If the first argument string starts or ends with the given prefix or suffix, remove it; otherwise, just return the original string unchanged.

template <typename C> basic_string<C> str_erase_left(const basic_string<C>& str, size_t length)
template <typename C> void str_erase_left_in(basic_string<C>& str, size_t length) noexcept
template <typename C> basic_string<C> str_erase_right(const basic_string<C>& str, size_t length)
template <typename C> void str_erase_right_in(basic_string<C>& str, size_t length) noexcept

Erase the specified number of Unicode characters from the beginning or end of the string. These will return an empty string if length is greater than the number of characters in str.

template <typename C> basic_string<C> str_expand_tabs(const basic_string<C>& str)
template <typename C, typename IntList> basic_string<C> str_expand_tabs(const basic_string<C>& str, const IntList& tabs, uint32_t flags = 0)
template <typename C, typename IntType> basic_string<C> str_expand_tabs(const basic_string<C>& str, initializer_list<IntType> tabs, uint32_t flags = 0)
template <typename C> void str_expand_tabs_in(basic_string<C>& str)
template <typename C, typename IntList> void str_expand_tabs_in(basic_string<C>& str, const IntList& tabs, uint32_t flags = 0)
template <typename C, typename IntType> void str_expand_tabs_in(basic_string<C>& str, initializer_list<IntType> tabs, uint32_t flags = 0)

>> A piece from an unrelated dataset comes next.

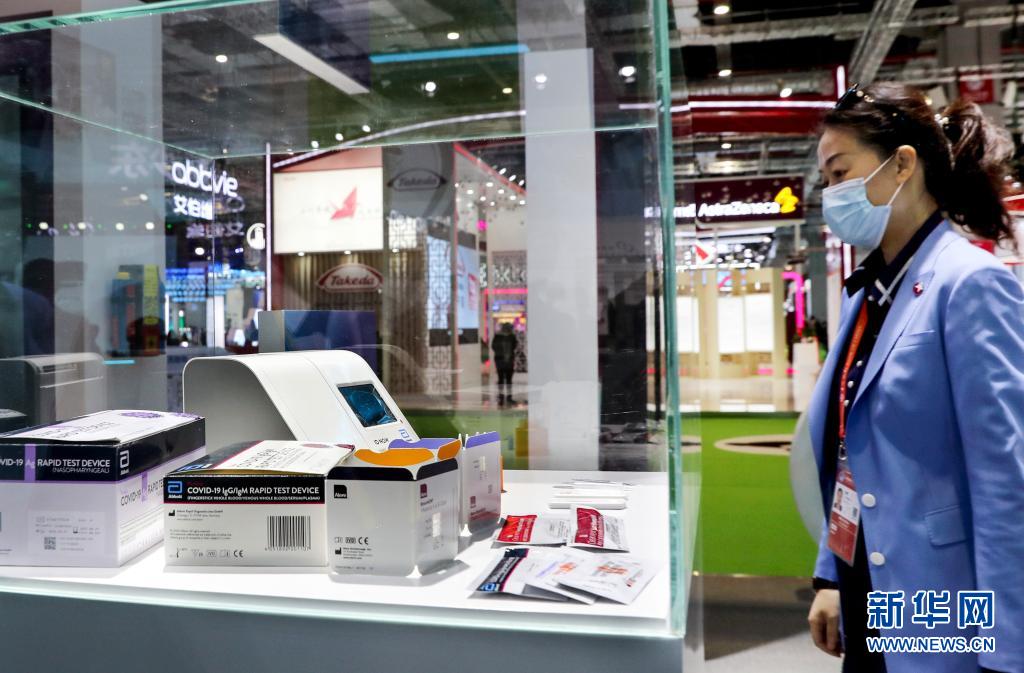在第三届中国国际进口博览会公共卫生防疫专区,参观者观看雅培展示的便于携带且适用于大规模检测的新冠病毒快速抗原检测试剂和产品(2020年11月5日摄)。新华社记者 刘颖 摄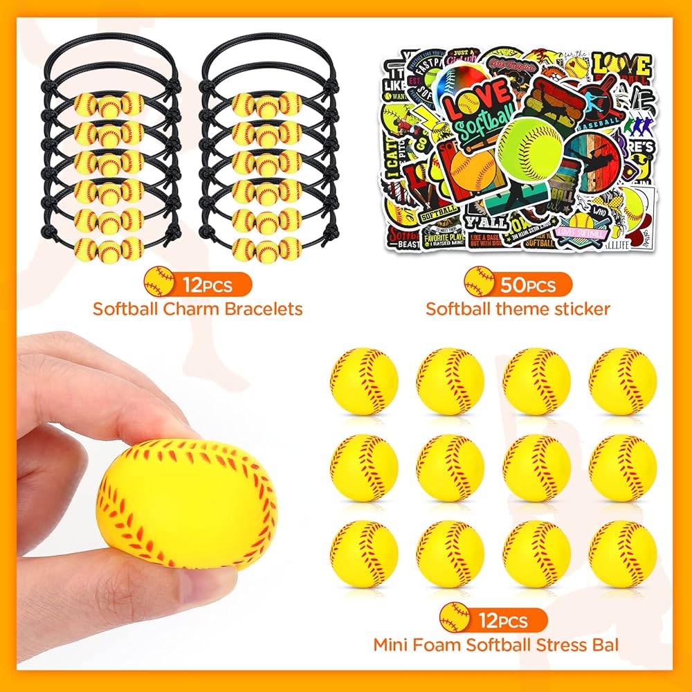 74 PCS Softball Party Favors Softball Charm Bracelets Sports Softball 1.6"Foam Ball 50 Softball Stickers Decorations Softball Wristbands Set for Softball Birthday Supplies Easter School Gift to Team

Expand tab characters to spaces. If the input string contains multiple lines (delimited by any of the standard Unicode line break characters), each line will be expanded separately. The tabs argument is a list of tab positions, passed either as a range of integers, or as an explicit braced initializer list of integers. The flags argument indicates which units will be used to measure horizontal position.

By default, a tab stop every 8 columns is assumed. Tab stop positions that are less than or equal to the previous tab stop are ignored. If more tab stops beyond the last one listed are needed, the difference between the last two tab stops is used to increment the last one (e.g. {5,10,20} will be expanded to {5,10,20,30,40,...}). An implicit tab stop at position zero is always assumed.

template <typename C> basic_string<C> str_fix_left(const basic_string<C>& str, size_t length, char32_t c = U' ', uint32_t flags = 0)
template <typename C> void str_fix_left_in(basic_string<C>& str, size_t length, char32_t c = U' ', uint32_t flags = 0)
template <typename C> basic_string<C> str_fix_right(const basic_string<C>& str, size_t length, char32_t c = U' ', uint32_t flags = 0)
template <typename C> void str_fix_right_in(basic_string<C>& str, size_t length, char32_t c = U' ', uint32_t flags = 0)

Pad or truncate a string to a specific length; the character argument c is used for padding (converted to the appropriate encoding). The str_fix_left() function anchors the string on the left and pads or truncates on the right; this is similar to basic_string::resize(), except that the flags determine how the length of the string is measured. The str_fix_right() function anchors the string on the right and pads or truncates on the left. If the string can't be adjusted to exactly the specified size (because one of the East Asian width options was selected and wide characters are present), the result will be one unit longer than the requested length.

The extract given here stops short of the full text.